- _What to work on_: From the first line to the last, repeat the data exactly but leave out the pictures.

- _Data section_:

____

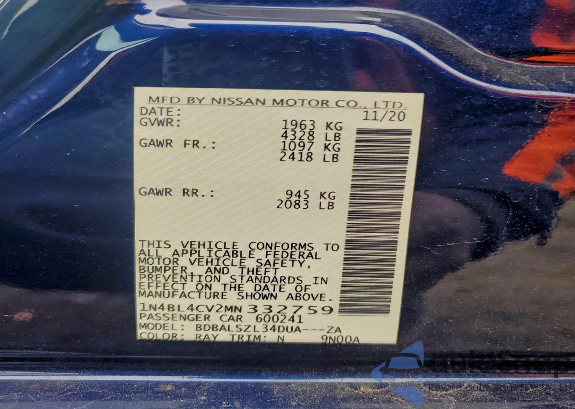 LOT: 44104528 VIN: 1N4BL4DW7MN313695
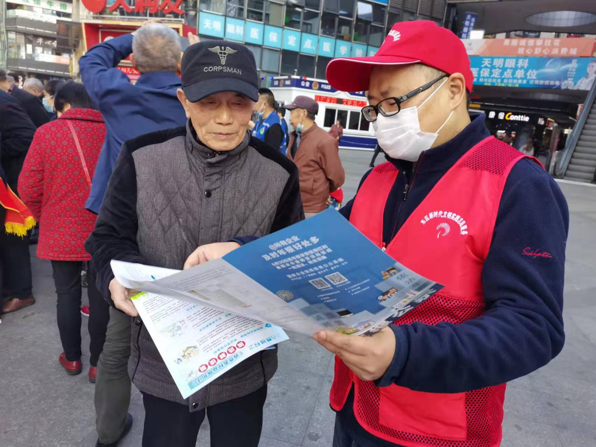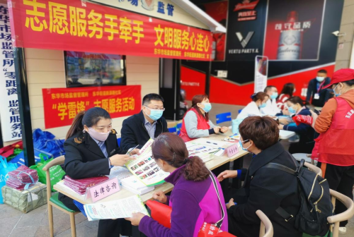 在中环天地商业圈,局机关党支部、东华市场监管所、新源路社区、美年大健康体检中心联合开展了“志愿服务手牵手 文明实践心连心”文明实践志愿服务活动。“这是小学生用药安全知识”、“经营户企业年报在手机上操作程序 从这里进入”,东区市场监管局志愿者们向过往群众开展法律咨询、科普宣传;向经营户发放食品、药品从业人员免费体检单,指导群众下载安装国家反诈系统,美年健康体检中心现场为群众测血压等医疗义诊。
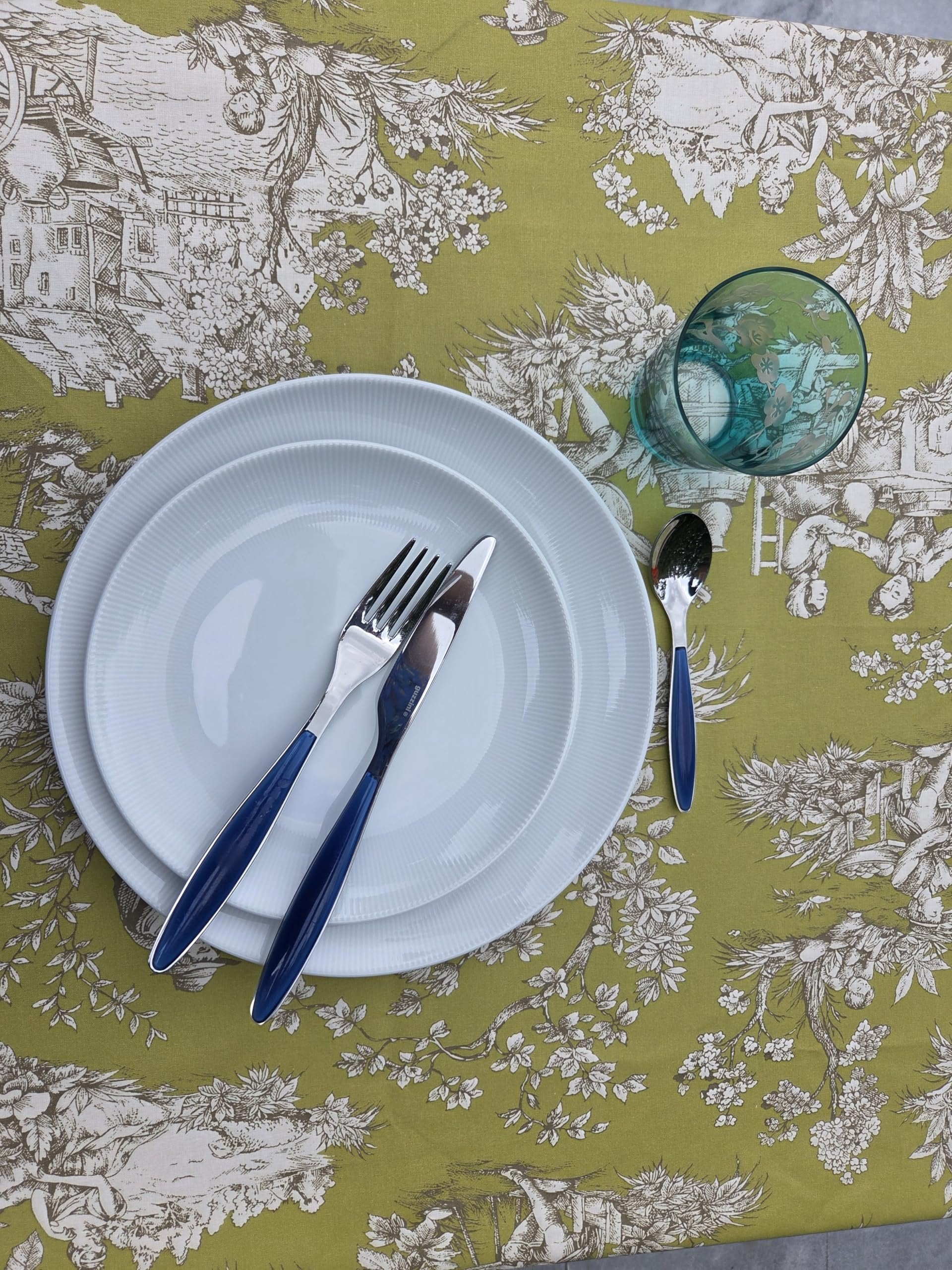 Le Cluny Monaco Blue Coated Provencal Tablecloth | Easy-Care Cotton | Multi-Size

____

- _Answer to this task_:
 LOT: 44104528 VIN: 1N4BL4DW7MN313695
 在中环天地商业圈,局机关党支部、东华市场监管所、新源路社区、美年大健康体检中心联合开展了“志愿服务手牵手 文明实践心连心”文明实践志愿服务活动。“这是小学生用药安全知识”、“经营户企业年报在手机上操作程序 从这里进入”,东区市场监管局志愿者们向过往群众开展法律咨询、科普宣传;向经营户发放食品、药品从业人员免费体检单,指导群众下载安装国家反诈系统,美年健康体检中心现场为群众测血压等医疗义诊。
 Le Cluny Monaco Blue Coated Provencal Tablecloth | Easy-Care Cotton | Multi-Size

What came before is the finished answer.